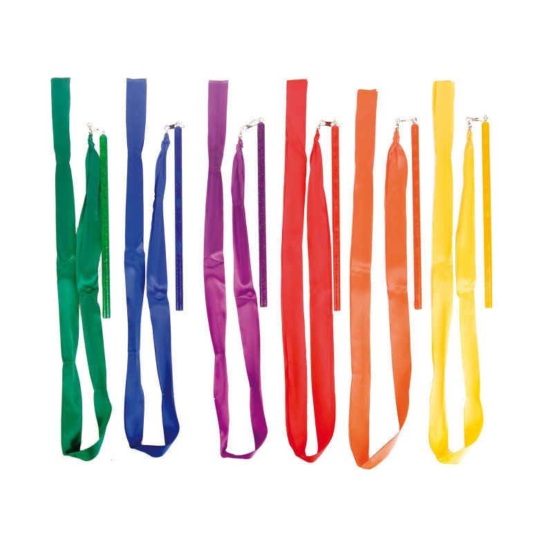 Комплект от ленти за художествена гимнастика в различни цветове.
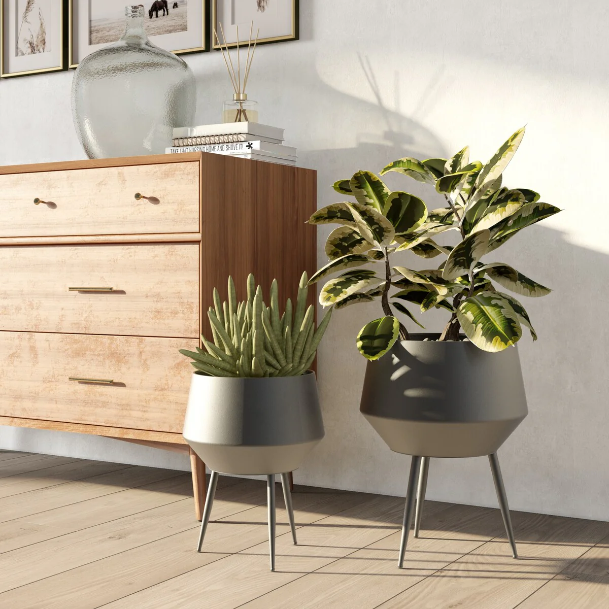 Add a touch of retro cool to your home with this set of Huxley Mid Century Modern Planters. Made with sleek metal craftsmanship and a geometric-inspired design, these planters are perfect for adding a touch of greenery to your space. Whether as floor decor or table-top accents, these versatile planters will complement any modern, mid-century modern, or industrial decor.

==

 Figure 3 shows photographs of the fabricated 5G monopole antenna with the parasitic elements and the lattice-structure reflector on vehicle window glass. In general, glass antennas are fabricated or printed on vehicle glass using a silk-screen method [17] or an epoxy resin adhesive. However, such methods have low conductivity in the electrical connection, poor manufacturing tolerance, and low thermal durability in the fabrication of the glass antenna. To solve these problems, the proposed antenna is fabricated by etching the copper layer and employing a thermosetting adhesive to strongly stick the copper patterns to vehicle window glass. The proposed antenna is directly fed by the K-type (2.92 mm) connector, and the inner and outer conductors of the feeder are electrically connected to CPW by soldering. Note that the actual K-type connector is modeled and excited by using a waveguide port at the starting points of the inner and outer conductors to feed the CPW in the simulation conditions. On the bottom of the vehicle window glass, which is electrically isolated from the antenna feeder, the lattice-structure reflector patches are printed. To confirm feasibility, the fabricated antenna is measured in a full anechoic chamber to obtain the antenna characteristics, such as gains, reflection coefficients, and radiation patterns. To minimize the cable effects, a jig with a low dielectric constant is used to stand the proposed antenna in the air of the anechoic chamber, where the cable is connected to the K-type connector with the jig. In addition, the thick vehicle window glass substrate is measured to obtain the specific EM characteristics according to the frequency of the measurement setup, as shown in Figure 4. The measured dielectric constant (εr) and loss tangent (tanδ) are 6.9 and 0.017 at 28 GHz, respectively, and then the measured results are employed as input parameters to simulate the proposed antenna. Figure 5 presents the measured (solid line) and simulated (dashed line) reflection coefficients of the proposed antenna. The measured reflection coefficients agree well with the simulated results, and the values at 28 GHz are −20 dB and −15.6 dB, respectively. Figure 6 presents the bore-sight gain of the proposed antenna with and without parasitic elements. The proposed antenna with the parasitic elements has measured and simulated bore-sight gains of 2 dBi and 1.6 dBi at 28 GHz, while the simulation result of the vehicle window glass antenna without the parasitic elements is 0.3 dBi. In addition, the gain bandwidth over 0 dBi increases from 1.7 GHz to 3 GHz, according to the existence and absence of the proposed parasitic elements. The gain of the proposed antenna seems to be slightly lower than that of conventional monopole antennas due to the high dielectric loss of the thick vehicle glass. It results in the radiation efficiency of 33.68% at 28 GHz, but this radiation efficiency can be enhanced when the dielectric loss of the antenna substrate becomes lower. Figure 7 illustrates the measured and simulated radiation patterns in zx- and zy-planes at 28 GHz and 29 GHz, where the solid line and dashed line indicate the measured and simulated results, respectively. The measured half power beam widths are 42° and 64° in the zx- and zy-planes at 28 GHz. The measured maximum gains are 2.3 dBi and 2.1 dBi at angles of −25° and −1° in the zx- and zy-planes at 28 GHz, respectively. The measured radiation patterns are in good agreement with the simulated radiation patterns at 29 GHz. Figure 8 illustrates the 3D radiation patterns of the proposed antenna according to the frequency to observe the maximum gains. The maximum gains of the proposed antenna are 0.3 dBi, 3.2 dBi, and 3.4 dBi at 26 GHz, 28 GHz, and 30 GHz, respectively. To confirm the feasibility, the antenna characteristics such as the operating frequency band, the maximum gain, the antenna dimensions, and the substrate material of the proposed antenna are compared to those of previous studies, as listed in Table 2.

==

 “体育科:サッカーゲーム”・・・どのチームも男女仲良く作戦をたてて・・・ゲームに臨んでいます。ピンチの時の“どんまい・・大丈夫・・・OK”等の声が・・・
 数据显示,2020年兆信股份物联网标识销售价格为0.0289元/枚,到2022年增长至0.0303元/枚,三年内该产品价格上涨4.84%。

◆ YOUR ASSIGNMENT: Return exactly the part of the listing above that opens with the line containing "Комплект от ленти" and closes with the line containing "Add a touch". Pictures stay out.

◆ ANSWER TO THE EXERCISE:
 Комплект от ленти за художествена гимнастика в различни цветове.
 Add a touch of retro cool to your home with this set of Huxley Mid Century Modern Planters. Made with sleek metal craftsmanship and a geometric-inspired design, these planters are perfect for adding a touch of greenery to your space. Whether as floor decor or table-top accents, these versatile planters will complement any modern, mid-century modern, or industrial decor.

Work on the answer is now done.